RECORD OF PROCEEDINGS

PHYSICAL DISABILITY BOARD OF REVIEW

NAME: XXXXXXXXXXXXXXX BRANCH OF SERVICE: army

CASE NUMBER: PD1000128 SEPARATION DATE: 20040923

BOARD DATE: 20110524

SUMMARY OF CASE: Data extracted from the available evidence of record reflects that this covered individual (CI) was a Reserve SPC (95B, Military Policeman), medically separated from the Army in 2004 for a right tibia and fibula (tib/fib) fracture. After injuring his right lower leg in a motorcycle accident, the CI underwent a number of surgeries, did not respond adequately to treatment and was unable to perform within his military occupational specialty (MOS) or meet physical fitness standards. He was issued a permanent L3 profile and underwent a Medical Evaluation Board (MEB). Right tib/fib fracture was forwarded to the Physical Evaluation Board (PEB) as medically unacceptable IAW AR 40-501. One other condition, anxiety disorder, was forwarded on the MEB submission as a medically acceptable condition. The informal PEB (IPEB) adjudicated the right tib/fib fracture condition as unfitting, rated 20% with application of the US Army Physical Disability Agency pain policy. The CI appealed to the formal PEB (FPEB), which made no rating changes and the CI was medically separated with a 20% disability rating.
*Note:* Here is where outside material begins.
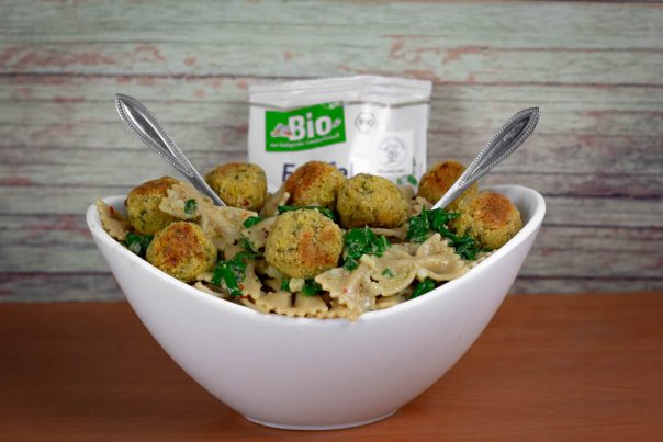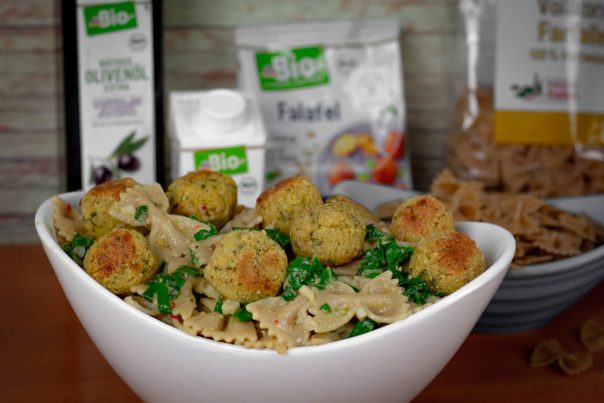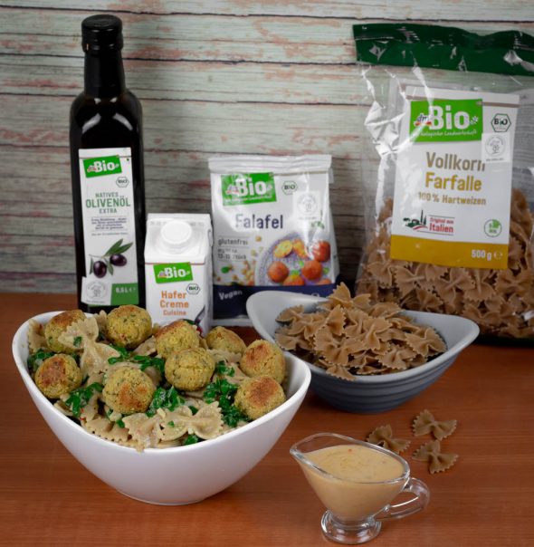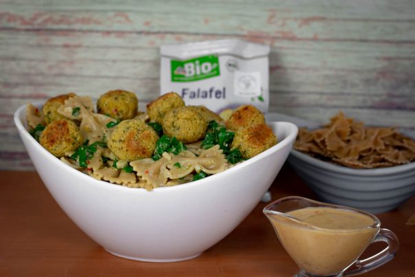Zbog popularnosti bliskoističnih sastojaka i jela, kakvi su falafel i humus – a i zato što sam veliki ljubitelj leblebije – napravila sam jelo koje je fantastičan miks falafela & sosa na bazi humusa. Sve sam servirala s organskom integralnom testeninom iz dm-a. Svakako, ako ste neko ko je na dijeti s manje ugljenih hidrata, možete falafel uz sos da servirate preko karfiola skuvanog na pari. Probala sam i to, verujte mi da je super kombinacija 🙂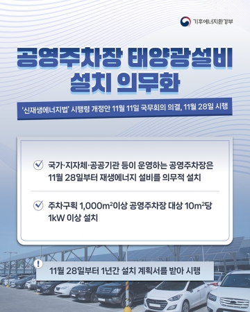 - 국가·지자체·공공기관 등이 운영하는 공영주차장은 11월 28일부터 재생에너지 설비를 의무적 설치

CI CONTENTION: “I am writing you this letter in response to the decisions of my medical board. I believe there has been a era [sic] when I was rated. I was not rated on PTSD, or the migraine headache that I have been having that still persists today.” He goes on to explain that he believes that his headache condition is linked to a hyperthermic event he experienced during a blood transfusion and claims that he is now diagnosed with PTSD.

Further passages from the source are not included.